Internasional

China Sudah Gak 'Macho', Ekonominya ke Depan Bakal Loyo?

Hidayat Setiaji, CNBC Indonesia
13 July 2021 14:50
Para demonstran Pro-China memegang bendera nasional Tiongkok di pusat perbelanjaan Amoy Plaza di Teluk Kowloon, Hong Kong (14/9/2019). (REUTERS / Jorge Silva)
Foto: Para demonstran Pro-China memegang bendera nasional Tiongkok di pusat perbelanjaan Amoy Plaza di Teluk Kowloon, Hong Kong (14/9/2019). (REUTERS / Jorge Silva)

Menghadapi situasi ini, bank sentral China (PBoC) memutuskan untuk menurunkan Giro Wajib Minimum (GWM) perbankan sebesar 50 basis poin (bps). Kebijakan ini mampu menambah likuiditas perbankan sebesar CNY 1 triliun (Rp 2.236,89 triliun) yang bisa digunakan untuk menyalurkan kredit.

"Peningkatan permintaan sudah mencapai puncaknya, dan pertumbuhan ekonomi China akan mulai melambat pada paruh kedua 2021. Upaya ini (penurunan GWM) adalah untuk meredakan tekanan terhadap perekonomian," kata Elwin de Groot, Head of Macro Strategy Rabobank, seperti dikutip dari Reuters.

Bagi Indonesia, perlambatan ekonomi China bisa sangat terasa. China adalah negara mitra utama perdagangan Indonesia.

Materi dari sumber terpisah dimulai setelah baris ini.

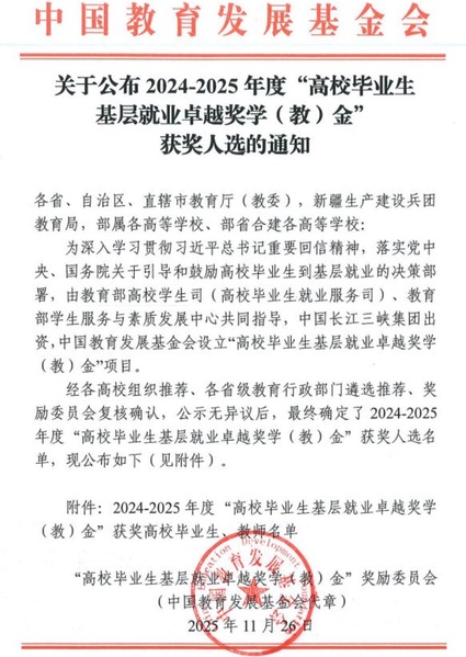 【喜报】我校毕业生荣获2024-2025年度“全国高校毕业生基层就业卓越奖学金”

Pada Januari-Mei 2021, nilai ekspor non-migas Indonesia ke China mencapai US$ 17,12 miliar, melonjak 64,62% yoy. Nilai ekspor non-migas ke China berkontribusi 21,55% dari total ekspor non-migas.

Jika permintaan China melambat, maka ekspor Indonesia bisa merasakan dampak yang signifikan. Maklum, porsi China terhadap ekspor Indonesia lebih dari seperlima.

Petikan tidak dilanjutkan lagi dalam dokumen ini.